Using the records below, write out only the lines from the line containing "The main parts" up to and including the line containing "アイリスオーヤマ LED電球 フィラメント", exactly, with no pictures.

(RECORDED INFORMATION begins)

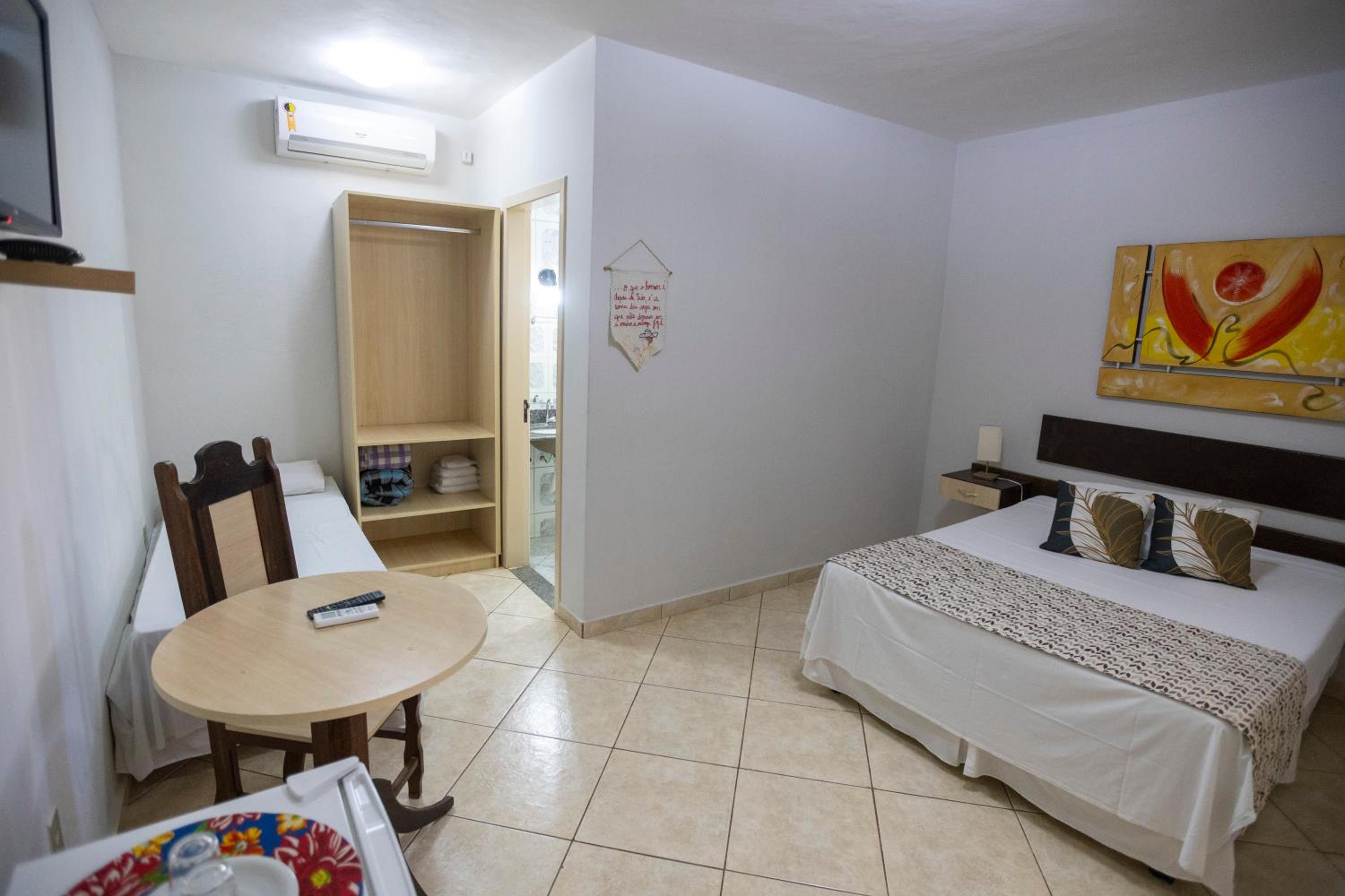 A hospedagem aceita PET, e oferece local e talheres para fazer as refeições.
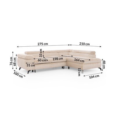 - cu tapițerie din catifea reiată Reglabil/extensibil/cu spațiu de depozitareCu colț pe partea dreaptă/în formă de ”L”BejPotrivit pentru animale de companie/rezistent la peteCu 4 locuriLățime 275 cm
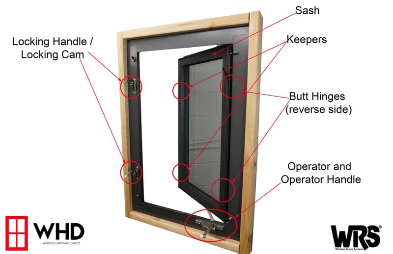 The main parts include the sash, frame, glazing bead, weather stripping, hinges, and locking mechanism. Each part ensures stability, insulation, and security for the window.
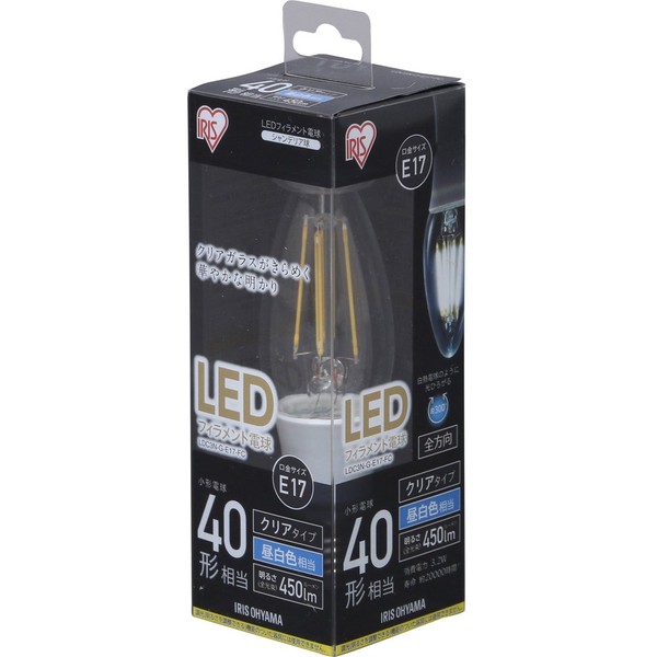アイリスオーヤマ LED電球 フィラメント 口金直径17mm 40W形相当 昼白色 全配光タイプ クリア LDC3N-G-E17-FC
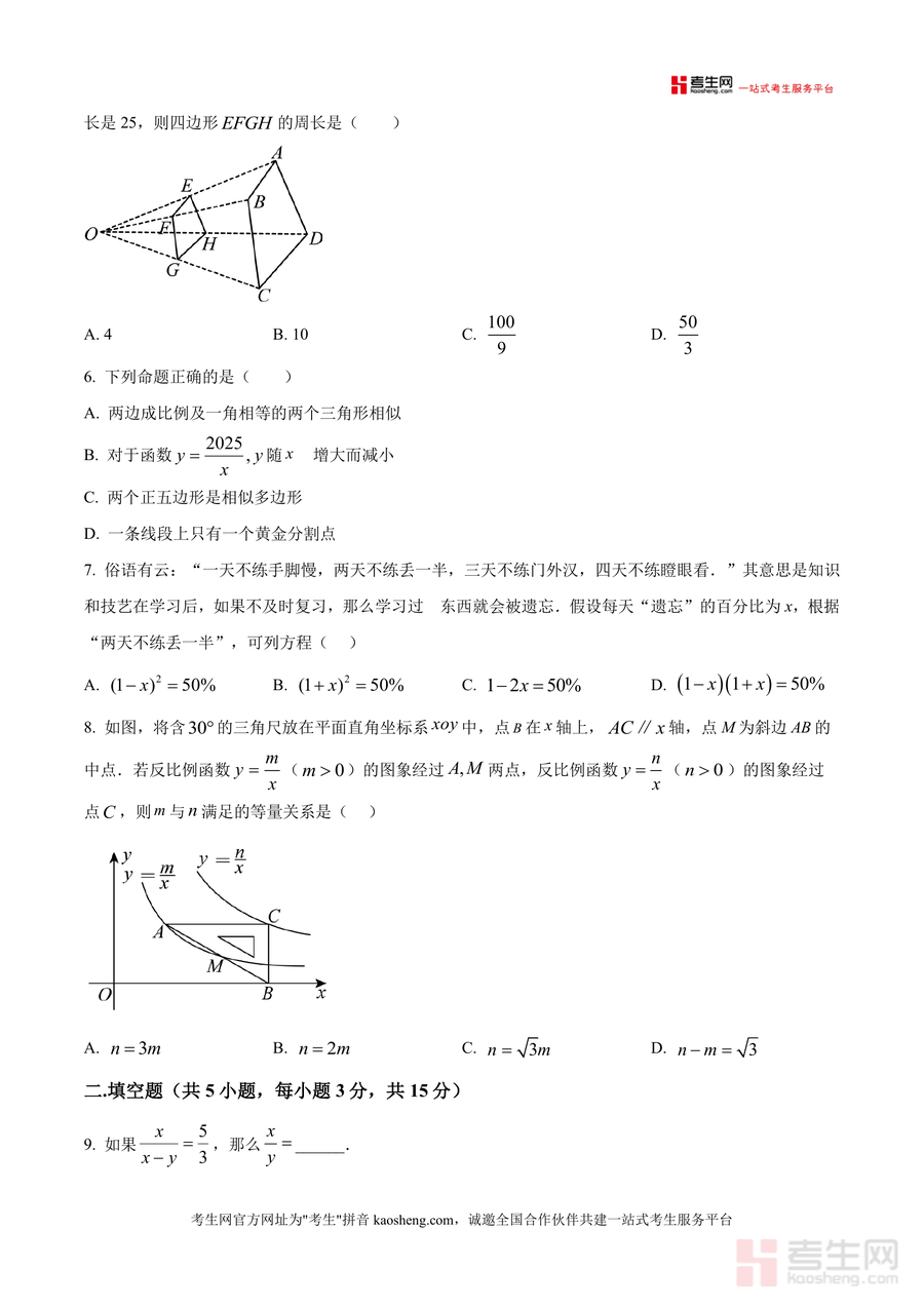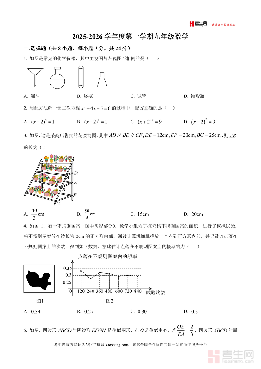 《精品解析:广东省深圳市宝安中学(集团)第二外国语学2025-2026学年上学期九年级数学1月月考试卷(原卷版).docx》是一份针对深圳市九年级数学月考设计的高质量备考资料,主要涵盖九年级上册核心知识点,包括一元二次方程配方法求解、相似图形判定与应用、反比例函数图像性质、概率统计计算及几何图形(矩形、菱形)证明与计算等题型。试卷题型结构严格遵循本地考试规范:8道选择题(共24分)、5道填空题(共15分)及7道解答题(共61分),特色亮点在于其源自宝安中学集团第二外国语学校真实月考原卷版,题目设计贴合深圳中考考纲要求,能精准反映该校教学重点与命题方向,为学生提供最贴近实际考试情境训练素材。
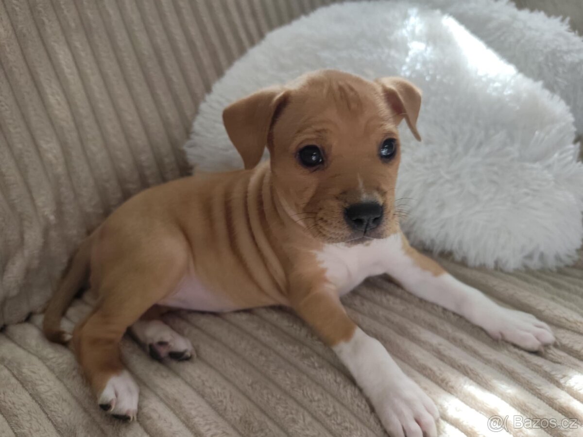 Nabízím do dobrých rukou štěňátko fenku , Americký Stafordšírský Teriér. Narozená 8.1. 2026. Prosím SMS
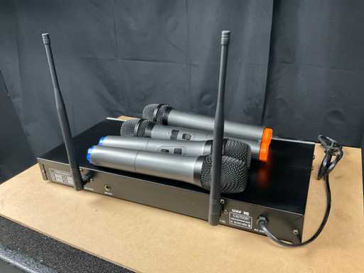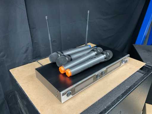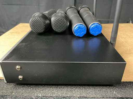 Composto da: trasmettitore e 2x microfono, frequenza UHF, 4 canali.
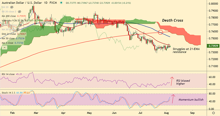 Major trend is the pair is bearish. Death Cross on the daily charts limits any upside in the pair. 21-EMA is immediate resistance at 0.7406, decisive break above will change near-term dynamics.

(RECORDED INFORMATION ends)

→ **OUTPUT**
 The main parts include the sash, frame, glazing bead, weather stripping, hinges, and locking mechanism. Each part ensures stability, insulation, and security for the window.
アイリスオーヤマ LED電球 フィラメント 口金直径17mm 40W形相当 昼白色 全配光タイプ クリア LDC3N-G-E17-FC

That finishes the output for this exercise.